Thinking About Languages for Deep Learning

Thinking About Languages for Deep Learning

Right now Python feels like the language of deep learning and data science in general. That’s not really surprising. With the right libraries (probably NumPy, Pandas and MatPlotLib) it can come close to matching Matlab for power and expressibility when it comes to numerical and data computing. It also makes it easy to wrap the fast C and C++ code used under the hood by libraries like TensorFlow and PyTorch, taking it beyond Matlab's capabilities when it comes to deep learning.

The usefulness of Python is difficult to overstate, the size of its ecosystem is monumental, and the learning resources for it are phenomenal. Whatever your question is, you’re almost certain to find the answer on Stack Overflow. It also has quite possibly the most complete and useful standard library I’ve ever encountered. It’s amazing what you can get done without ever even having to type import.

Having buttered it up, it probably feels like I’m about to say something negative about it, so before I go any further: I do really like Python. I use it for the majority of my day job and it’s an incredible language for getting things done. If you were to ask me what one programming language you should learn, I would probably say Python. My number one piece of advice for people interviewing at tech companies is “Use Python in your interview. If you need to learn it, do.”

But.

Python is not perfect. A lot of its popularity (in my opinion) comes from being “good enough” for many, if not most, problems. But it’s rarely the best solution for any of them. It’s fast to write, but slow to run. Which is why you need that high performance C code under the hood. Which comes with a big downside: your code is no longer “pure” Python, which makes it harder to debug and reason about. You write in Python, but what you’ve written is just the glue. The wood is the C hidden underneath.

Python’s approach to typing (or its lack thereof) and its dynamism can also make refactoring painful. It can be hard to know exactly what relies on the code you’re trying to change. Plus: It’s not just slow to run on your computer. It’s slow to run in your brain. Come back to it a month later and unless you had really good coding hygiene or wrote a lot of documentation (and kept it up to date!) it can be hard figure out what the hell it’s supposed to do.

So: What are the alternatives? Two appear to stand out: Swift and Julia.

But first: If Python is “good enough”, why even consider alternatives? Just because Python is the deep learning lingua franca now doesn’t mean that will always be the case. It’s always good to look ahead at what might be coming next, especially in such a fast moving field. There are also things Python can’t really do. It’s lack of a real type system or a compiler means that it can’t make the sort of guarantees which are needed for language level automatic differentiation, for example.

Jeremy Howard seems to agree with me to some extent. So much so that the last two lessons of the part 2 of fast.ai’s 2019 course use Swift. This despite the fact that Howard freely admits that Swift deep learning is "not ready yet".
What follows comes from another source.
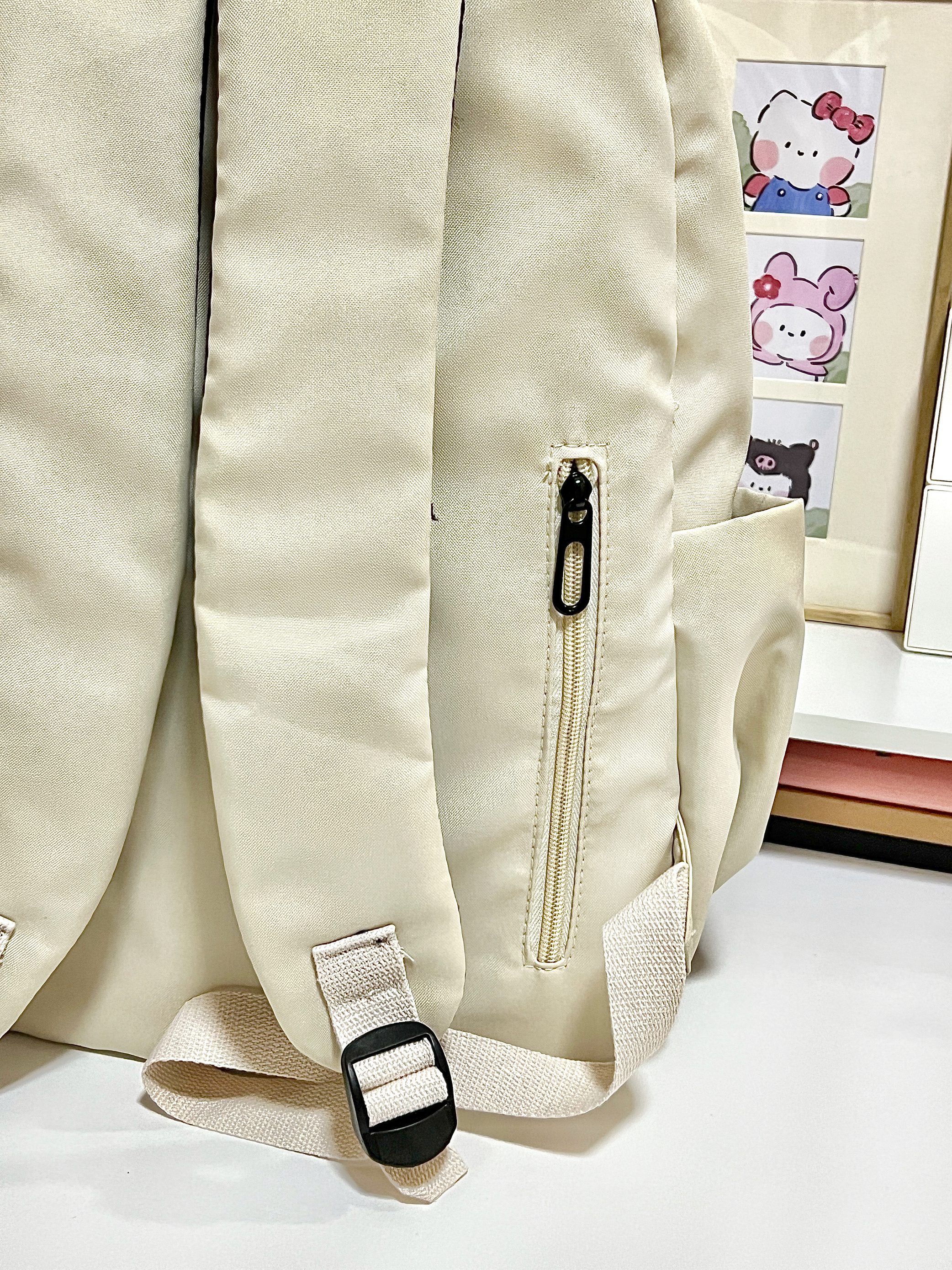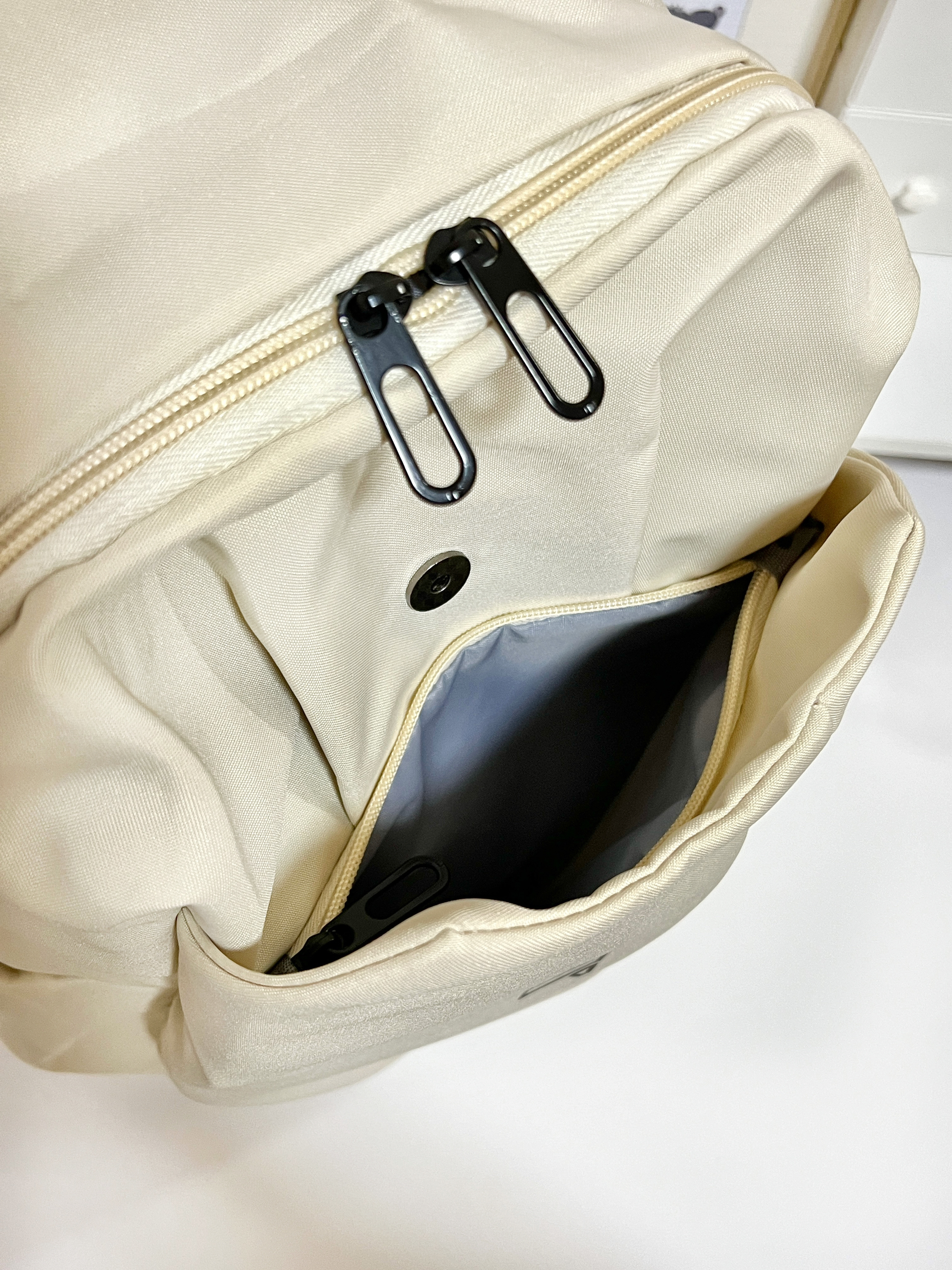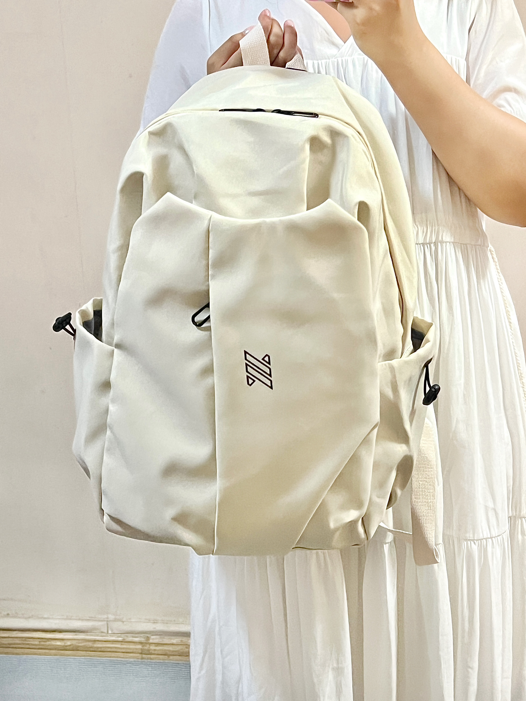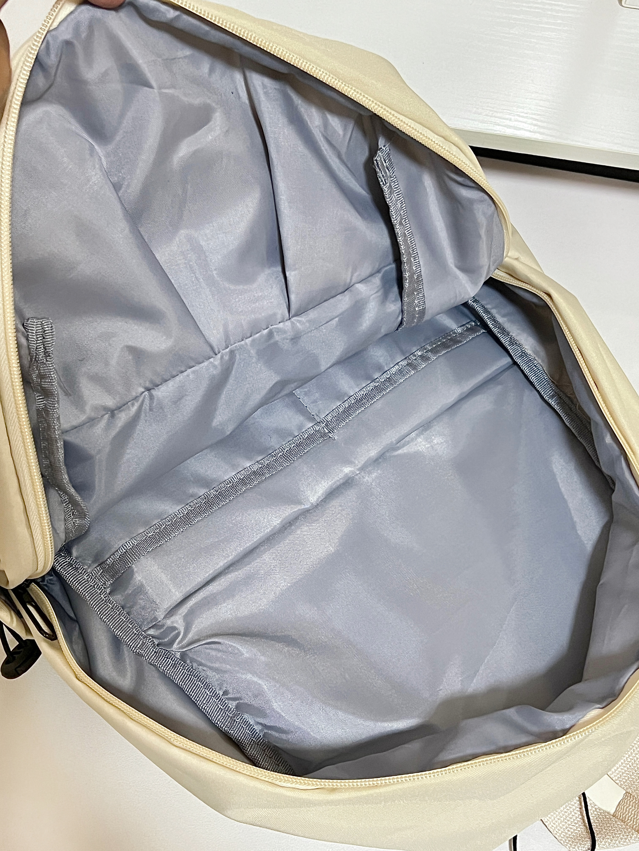 这次买的奶白色书包我尊的好喜欢! 奶fufu的超百搭!显得整个人温柔又阳光🧚♀️ 而且这个书包可能装了! 隔层还很多!装很多东西也不会乱乱的! 舍友们都来问我要🔗嘻嘻

I used Swift a little when my job was iOS development and really liked it. In particular: I like its type system and protocol orientated approach. It has a tight binding to the LLVM compiler system, which made it a candidate to become a first class TensorFlow language in the Swift for TensorFlow project. That project is being led by Chris Lattner, who created both LLVM and Swift itself, so the depth of knowledge there is huge. The path to trying it out seems pretty straightforward: the last two lessons of the 2019 fast.ai course use it (as noted above), so it’s already part of my deep learning road map.

Julia I know less about, but what I do know I find intriguing. It was essentially the runner up language for the project which became Swift for TensorFlow, and was designed from the ground up for numerical and data computing. My plan to try it is pretty simple: after I’m done with fast.ai 2019 part 2 I’ll recreate some element of the course using one of the Julia deep learning frameworks (probably Flux). I’m inclined to try something related to tabular data, as that will also give me the chance to play with JuliaDB, which looks really interesting.